The Medicare Payment Advisory Commission (MedPAC) June 15 released its June 2015 Report to the Congress on Medicare Payment Policy. The report includes chapters on hospital short-stay policy issues, synchronizing Medicare policy across payment models, Part B payment policy issues, and next steps in measuring the quality of care in Medicare.
Hospital Short Stay Policy Issues
Regarding hospital short-stay policy issues, MedPAC makes several recommendations to payment for short inpatient hospital stays, greater use of observation stays, recovery audit contractor (RAC) targeting of short inpatient stays, and large backlogs in the appeals process. MedPAC recommends that the Secretary of the Department of Health and Human Services (HHS) should:
- Direct RACs to focus on reviews of short inpatient stays on hospitals with the highest rates of this type of stay;
- Modify each RAC’s contingency fees to be based, in part, on its claim denial overturn rate;
- Ensure that the RAC look-back period is shorter than the Medicare rebilling period for short inpatient stays; and
- Withdraw the “two-midnight” rule.
With respect to the first recommendation, the commission’s report notes that “a policy designed to identify high use hospitals would need to incorporate a risk adjustment methodology because variation likely exists in the mix of hospitals’ short-stay cases.”
MedPAC also recommends that the HHS Secretary should evaluate a penalty for hospitals with excess rates of short inpatient stays, to substitute, in whole or in part, for RAC review of short inpatient stays.

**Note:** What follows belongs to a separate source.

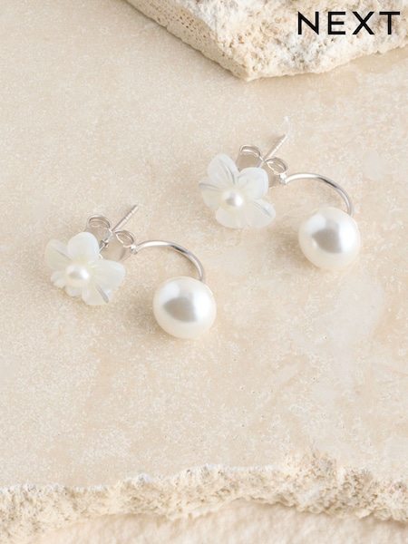 Sterling Silver Floral Pearl Front and Back Earrings

The commission acknowledges that a negative consequence associated with this approach is that such a formula based measure may not be capable of differentiating between appropriate and inappropriate short stays.
To address some of the beneficiary liability concerns related to short-stay policy issues, MedPAC recommends that Congress should revise the skilled nursing facility (SNF) three-inpatient-day hospital eligibility requirement to allow up to two outpatient observation days to count toward meeting the requirement. Additionally, Congress should require acute-care hospitals to notify patients of their observation status if it lasts more than 24 hours and they are expected to need SNF services.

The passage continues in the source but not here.